The rupee/dollar rate is a direct indicator of India's external account health. The RBI actively manages the rupee through FX reserves intervention — India has $640bn+ in reserves (11+ months of import cover) giving substantially more ammunition than 2013 (when $280bn was insufficient to prevent a 20% depreciation). The key dynamics: rupee weakens when oil prices spike (higher import bill), when US rates rise sharply (capital outflow to USD), or when FPI outflows accelerate. The RBI typically allows slow, managed depreciation (consistent with the India-US inflation differential of ~3–4%) but intervenes to prevent disorderly moves. Above ₹87/$ signals either an oil shock, a significant FPI outflow episode, or RBI reserve management stress. The 2013 "taper tantrum" saw INR fall from ₹54 to ₹68 — the improved reserve position makes a repeat less likely but not impossible.
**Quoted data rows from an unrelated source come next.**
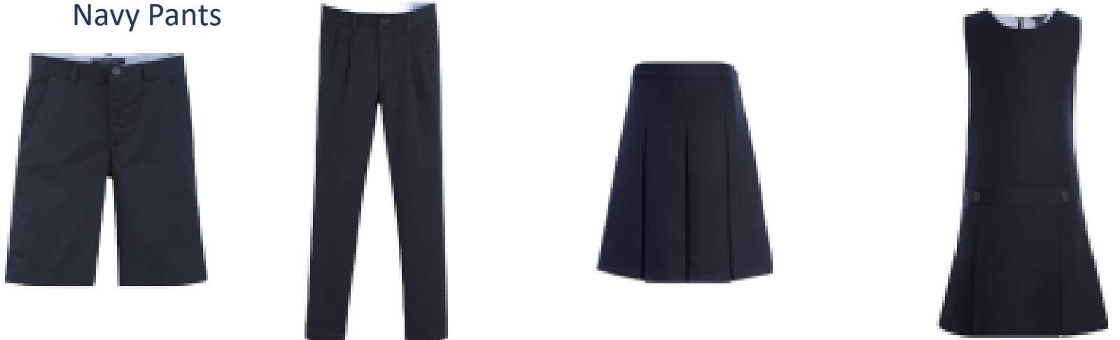
Navy Jumpers may be worn in combination with white top.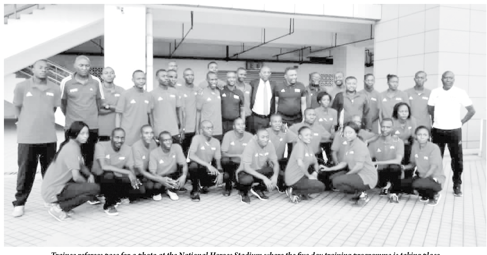
Trainee referees pose for a photo at the National Heroes Stadium where the five day training programme is taking place

"If you do not invest in the pillars of refereeing as well as coaching and the players, then there will be no football. I think this [is] why you tend to see that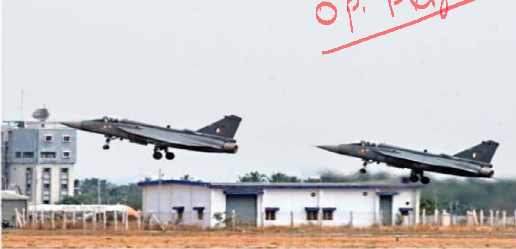
New recruits: Two Light Combat Aircraft Tejas Mk-1 do a flypast to mark their induction into Squadron 18 of the IAF at the Sulur base, near Coimbatore, on Wednesday. The combat aircraft was manufactured by HAL, Bengaluru.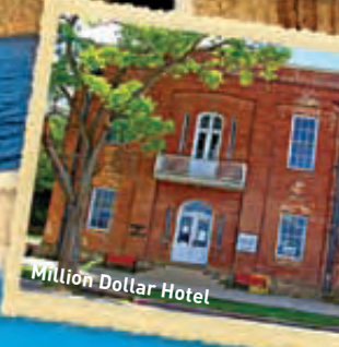
Million Dollar Hotel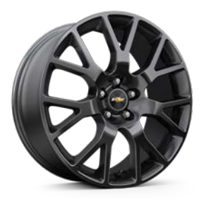
18" Gloss Black Aluminum Wheels Available on LT with Midnight Edition or Sport Edition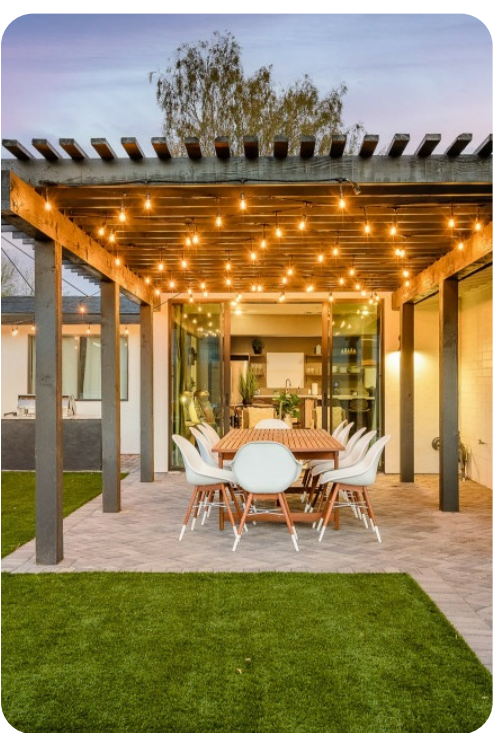
Scottsdale 98 | Page 8 of 8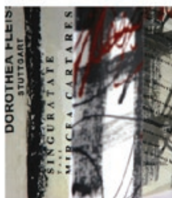
loneliness dorothea fleiss (germany)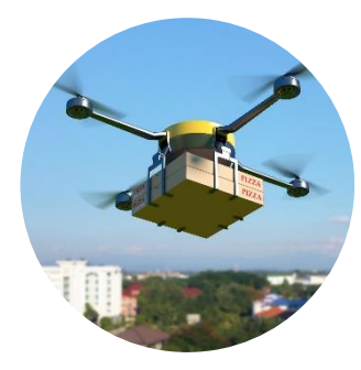
Upstate Medical tests drone prescription delivery service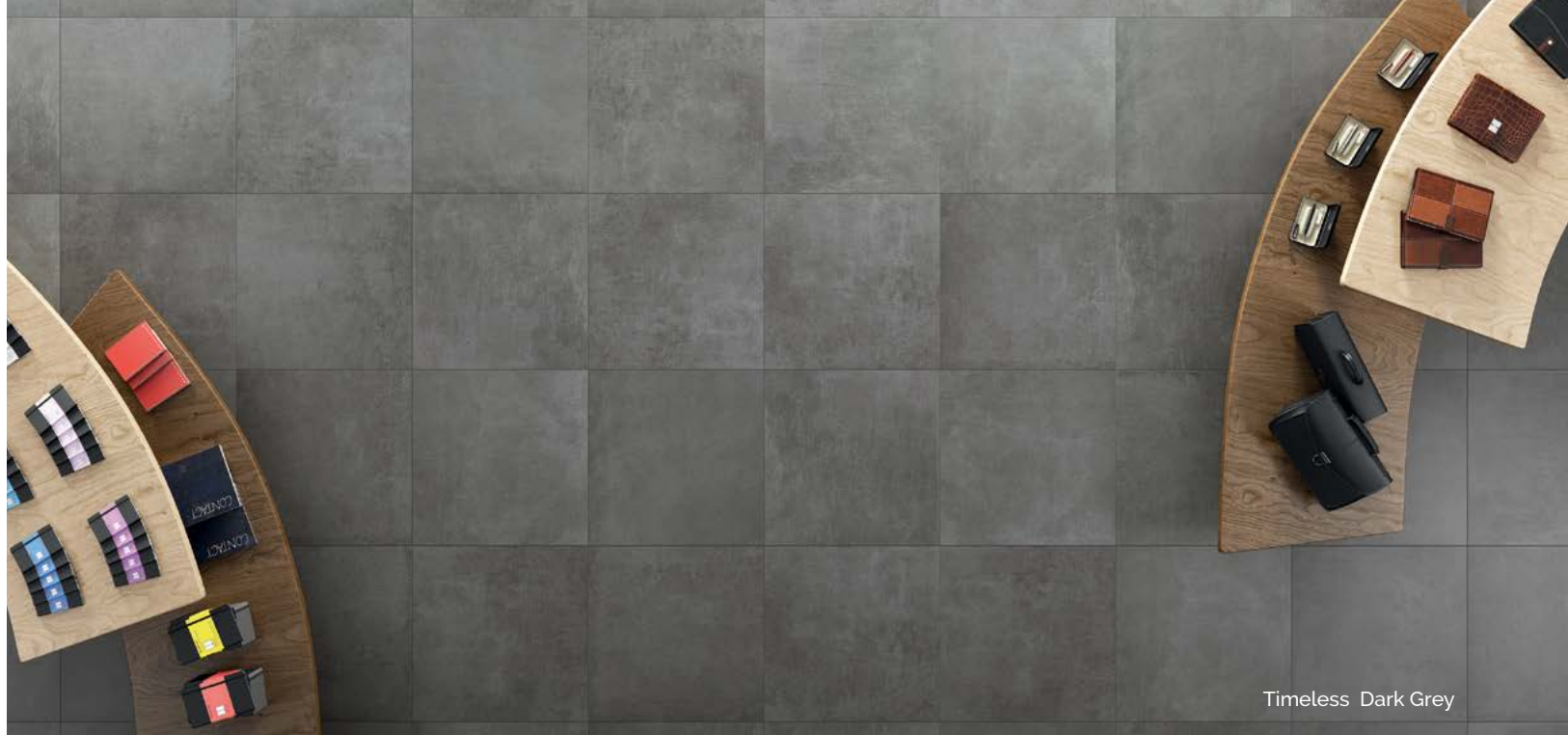
Timeless Dark Grey

Metz Timeless series is inspired by classical textured building materials such as aged bricks, shingles, and bagged render finishes. Timeless offers a unique and fashionable twist on the ever popular industrial trend, featuring porcelain tiles with a strong personality, perfect for everything from edgy contemporary décor to serene living spaces.

India 10Y Government Bond Yield
LIVE FRED · INDIRLTLT01STM
-- % p.a. benchmark yield

The benchmark government security yield reflects three things simultaneously: (1) RBI rate expectations — the G-sec market prices forward RBI moves, (2) Fiscal deficit expectations — wider fiscal deficits increase government borrowing, pushing yields higher, (3) Global risk appetite — foreign portfolio investors hold Indian G-secs and flee during global risk-off episodes. The India-US 10Y spread (approximately this yield minus US 10Y) determines FPI attractiveness — a narrowing spread reduces the carry incentive for foreign bond investors. The RBI's credibility zone has been approximately 6.5–7.2%. Below 6.5%: aggressive easing priced in. Above 7.5%: fiscal premium or inflation concern being priced — typically negative for equity multiples as higher bond yields compete with equities.

How this dashboard works

All FRED data is fetched live from the St. Louis Fed API on every page load. Manual datasets (BDI, AMFI, Drewry WCI) are updated weekly. The regime composite scores five signals and updates automatically.
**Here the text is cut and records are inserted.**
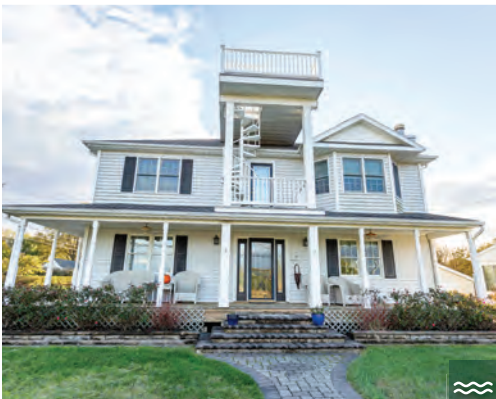
600 PILOTTOWN ROAD 5 Bedrooms | 2.5 Baths | Sleeps 12 Canal-Front · Private Dock & Boathouse · Screened Porch Rates: $3,000-$4,250/Week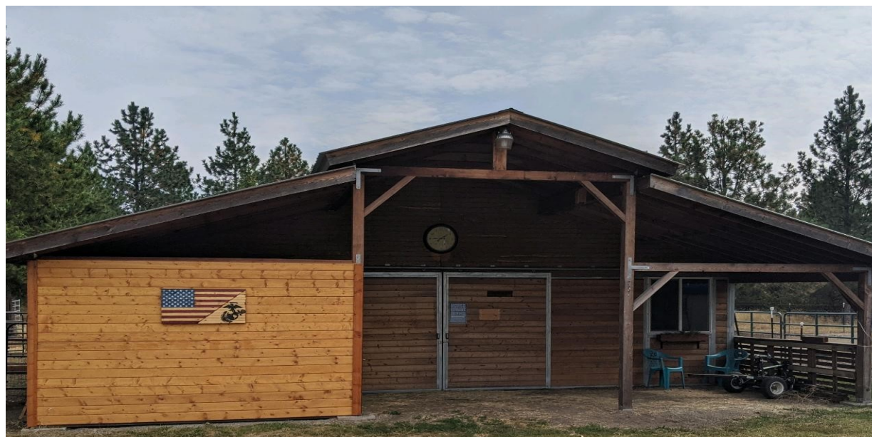
Left photo: Non-member rock barn in the Silver Valley. Top photo: PBCH members Dorine and Steve Souther's barn.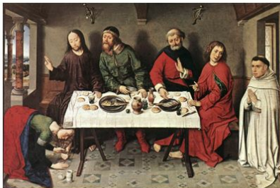
Christ in the House of Simon by Dieric Bouts

As Lent nears its end and Jesus prepares to begin his journey to the cross, the lectionary gives us a text about Mary's lavish expression of love for Jesus, and also foretelling his burial (John 12:1-8). Mary and Judas are contrasted. Lavish devotion or stinginess on display. So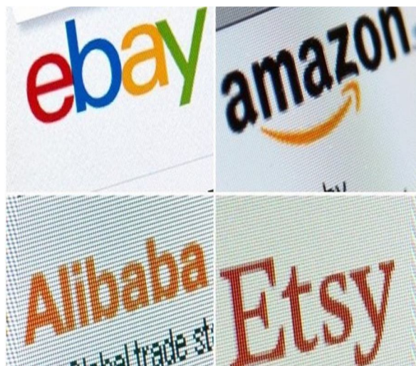
Fig3: Types of ecommerce companies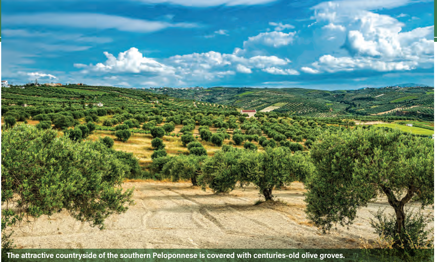
The attractive countryside of the southern Peloponnese is covered with centuries-old olive groves.

organic olive farm where we will meet with the owner and participate in the harvest. During this hands-on experience we will learn much about sustainable organic methods of cultivation and will have an opportunity to sample some olive oils, Kalamata olives, and other olive-based products. (B, L, D)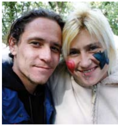
Social networks can provide support, opportunities for engagement and meaningful social roles, as well as access to resources and intimate one-on-one contact.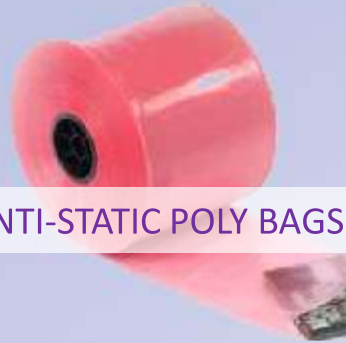
ANTI-STATIC POLY BAGS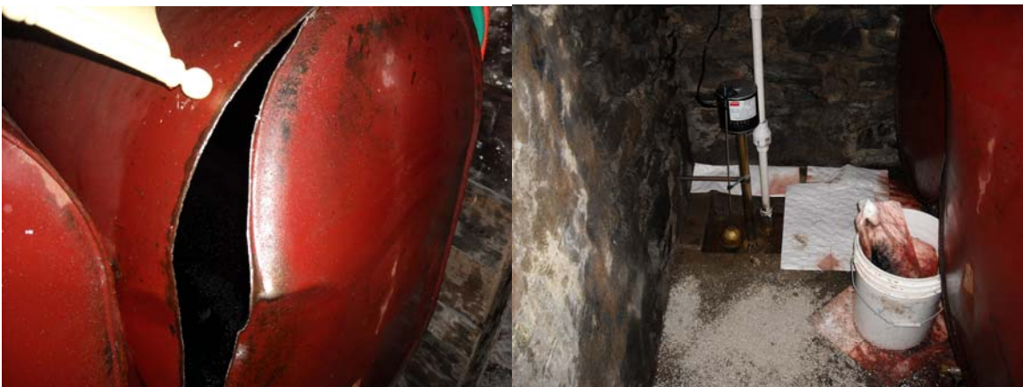
AST failure results in 100 gallon release in Lincoln, VT on January 5, 2009

In 2004, the Legislature extended coverage to homeowner heating oil tanks and enacted a fee on heating fuel to create a revenue source for the heating oil related activities covered by the PCF. The PCF was also divided into two separate accounts: a motor fuel account and a heating oil account, with both revenue and expenditures to be managed within each account.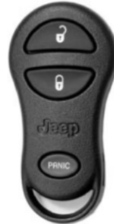
1999-2001 JEEP CHEROKEE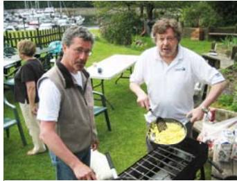
(Someone had a rough night)

According to Norvan legend and tradition, the Norvan Commander must lead a team of ruthless yet brave scallywags to the Union Steamship Marina on Bowen Island on the occasion of the birthday of our glorious Queen Victoria to defend from and fight to the death the reprobate and despicable scoundrels of the Coquitlam Squadron. The ensuing victory celebrations are to last a fortnight. And so we did. Except for the fortnight part - it was two nights. Oh yeah, the fight to the death piece was replaced with brutal yet pleasant Lawn Bowling and Cribbage contests. But we had fun.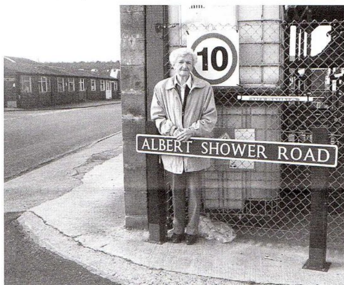
Mrs. Shower at the new road sign

Below are two pictures taken by Perry Watts following opening.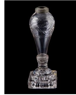
Title: Oil Lamp Base Primary Maker: Unknown American Medium: blown and pressed glass with metal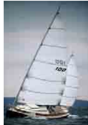
The catalyst for our friendship. Sailing Norwalk Islands Sharpies. Image Margo Kirby.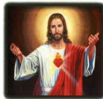
Sacred Heart Church Bayard, NE 69334

Mailing Address: 701 P Street, Bridgeport, NE 69336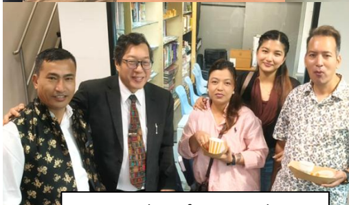
Brethren from Nepal.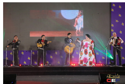
Performances from Mexico

DATA SOURCE FRED API + Manual CSVs 18 series from FRED fetched in parallel via Promise.allSettled. 4 manual CSVs (BDI, AMFI, Drewry, Gold) updated periodically and committed to the repo.
REGIME MODEL 5-Signal Composite VIX, HY spreads, NFCI, yield curve, and copper-gold ratio each scored -1/0/+1. Sum >=+3 = RISK ON; <=-3 = RISK OFF; else CAUTIOUS.
STATUS MATRIX RAG Dot System Green = benign / supportive. Amber = neutral / watch zone. Red = stress / risk-off. Thresholds calibrated to historical distributions for each series.
CHARTS Chart.js 4.4 + Annotation 21 charts rendered client-side with Chart.js. USDJPY uses chartjs-plugin-annotation for BOJ intervention reference lines at 150 and 160.